Administration officials said complaints from major labor groups and some Democrats in Congress that the proposed rules would hurt veterans and reservists are nothing more than election-year politics.

“The department’s proposed rule does not take away overtime pay from military members or veterans,” Labor Secretary Elaine Chao said in a prepared statement Feb. 3.

The AFL-CIO labor group has a different view, saying in a statement that the proposed regulations would allow an employer to determine whether military training is equivalent to having a specialized college or university degree. Those in engineering, medical, scientific and technical occupations would be hurt the most, the group said.

Veterans working for defense contractors as law-enforcement officers, firefighters and air traffic controllers are particularly vulnerable, the AFL-CIO statement says.

The senior Labor Department official disagreed. Police, fire and air traffic control workers generally are not considered “learned professionals,” so military training they received would not be a factor in whether they qualify for overtime, she said.

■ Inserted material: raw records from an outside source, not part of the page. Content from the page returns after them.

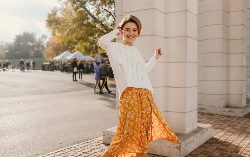 Rudenį vasarinę suknelę galma dėvėti kiek kitaip (priklausomai nuo oro). Paprasčiausias būdas – midi ar maxi suknelę paversti sijonu. Tai paprasta: tiesiog užsimeskite laisvą megztinį, kurio ilgis sieka maždaug klubus. Kasdieniam įvaizdžiui tiks labai laisvas megztinis. Jei siekiate elegantiškesnio įvaizdžio, pasirinkite siaurėjančio kirpimo modelį, o jo apačią užlenkę į vidų subtiliai išryškinsite liemenį. Galite pridėti ir diržą.
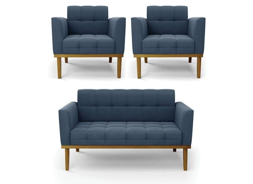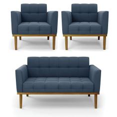 O menor preço encontrado no Brasil para Namoradeira Com 2 Poltronas Base De Madeira Castanho Elisa Suede D03 - D\`rossi Cor Azul Marinho atualmente é R$ 1.971,11.
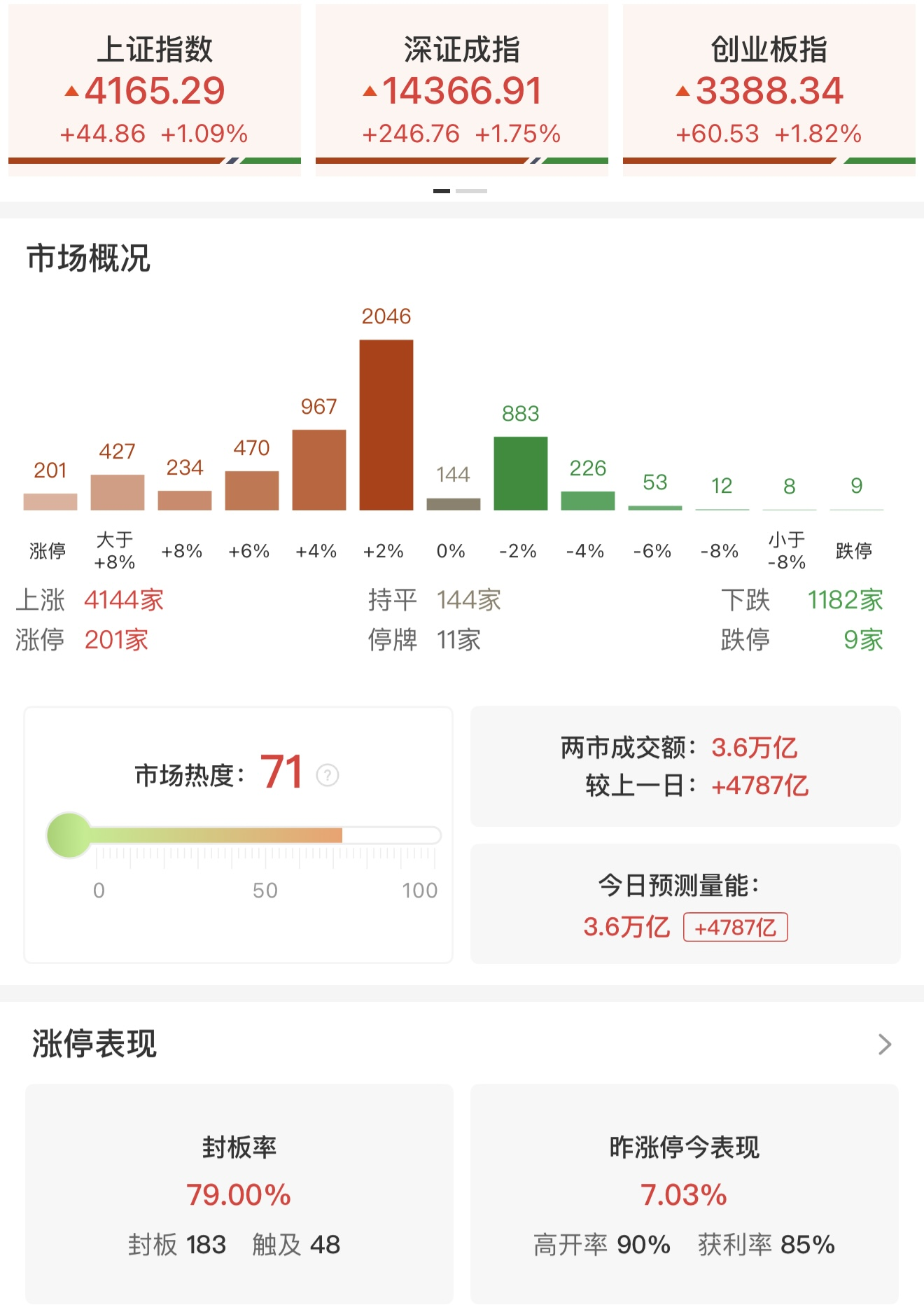 财联社1月12日电 市场震荡拉升,三大指数均涨超1%,创业板指探底回升,此前一度跌超1%。沪深两市成交额3.6万亿,连续第2个交易日突破3万亿,较上一个交易日放量4787亿,刷新此前在2024年10月8日创下的成交额历史纪录。盘面上,市场热点轮番活跃,全市场超4100只个股上涨,其中201只个股涨停。
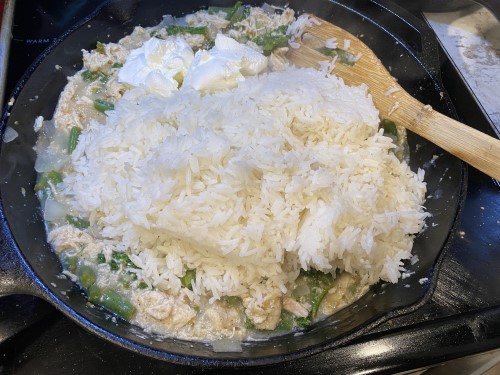 - Add the cooked chicken and rice to the pan along with the sour cream and stir to combine. Sprinkle the top with shredded cheese and place the pan in the oven. Cook until the cheese has melted and the casserole is bubbly, about 12-15 minutes.
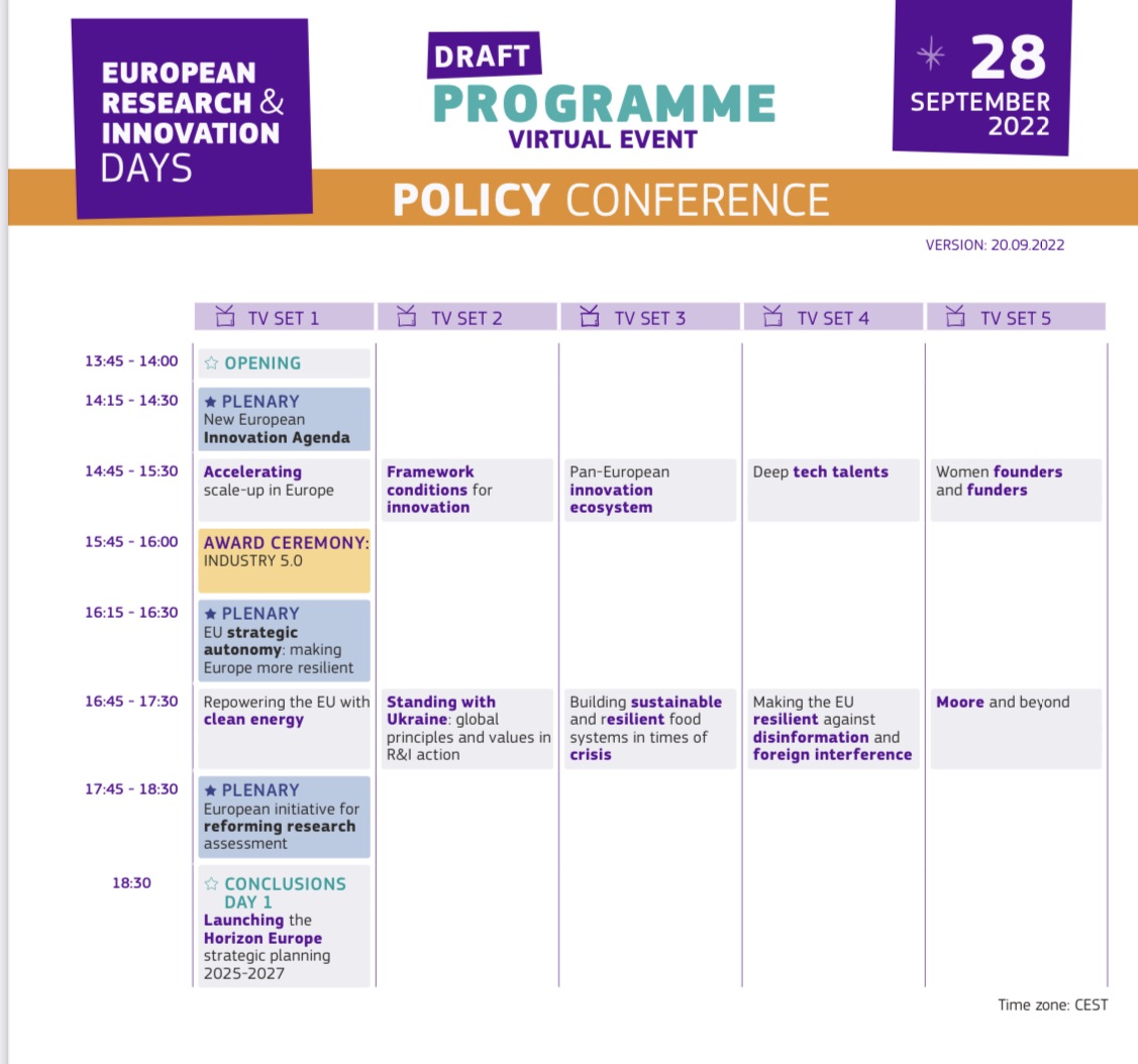 Це щорічна головна подія Європейської Комісії з досліджень та інновацій, яка збирає політиків, дослідників, підприємців і громадськість для обговорення та формування майбутніх досліджень та інновацій у Європі та за її межами.
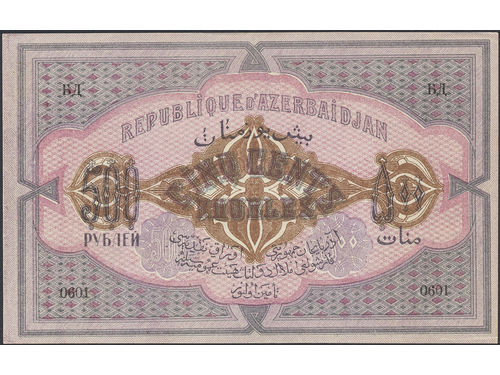 Banknotes, Azerbaijan. Pick 7, 500 roubles 1920. Crisp uncirculated note with minor handling marks. XF-UNC. Banknotes, Azerbaijan. Pick 7, 500 roubles 1920. Crisp uncirculated note with minor handling marks. XF-UNC. Visa mindre
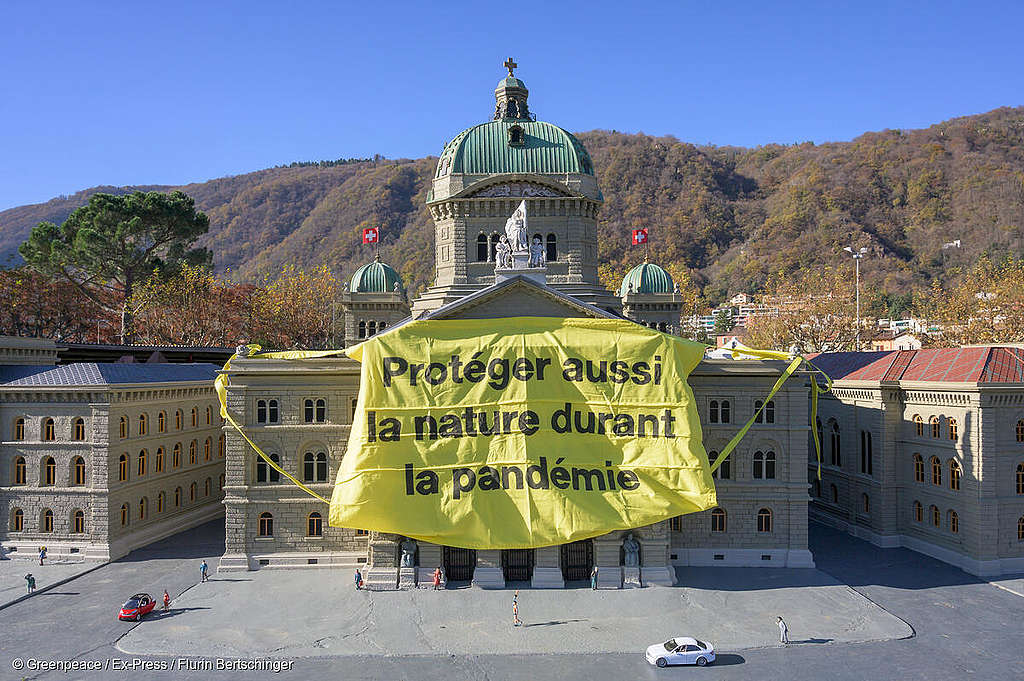 D’autres pays, tels que les Pays-Bas ou le Canada, donnent le bon exemple et s’engagent également à protéger l’environnement durant la pandémie. Le gouvernement canadien investit dans le développement de masques durables afin de réduire les déchets à usage unique liés au coronavirus. Et les Pays-Bas conseillent en ligne : « Achetez un masque en tissu que vous pourrez laver et réutiliser. C’est mieux pour l’environnement ». Le Conseil fédéral en est loin : ce n’est que suite à une demande de Greenpeace Suisse que depuis le mois d’août il ne recommande plus les masques à usage unique au grand public mais aux personnes souffrant de maladies respiratoires. Greenpeace Suisse exige que le gouvernement recommande au grand public des masques en tissu certifiés, répondant à des critères de sécurité et d’écologie.

Most military and veterans’ groups have tried to stay out of the fray. But one group, the Non Commissioned Officers Association, has sided with the Bush administration. In a Jan. 29 letter to House Republican leaders, Gene Overstreet, NCOA president, said claims that veterans will be hurt by the overtime rule changes “are patently incorrect.”

“It is a blinding glimpse of the obvious that neither the current rules nor the revised proposal will negatively impact on those who serve or have served in the uniformed services,” Overstreet wrote. He called it “outrageous” that service members are being made victims of “an emotional ploy” by Democrats to delay the overtime rules from taking effect.

Democrats opposed to the proposed rules and worried about the effect on the military are holding strategy sessions to determine what, if anything, can be done to delay or revise the plan, Democratic aides said.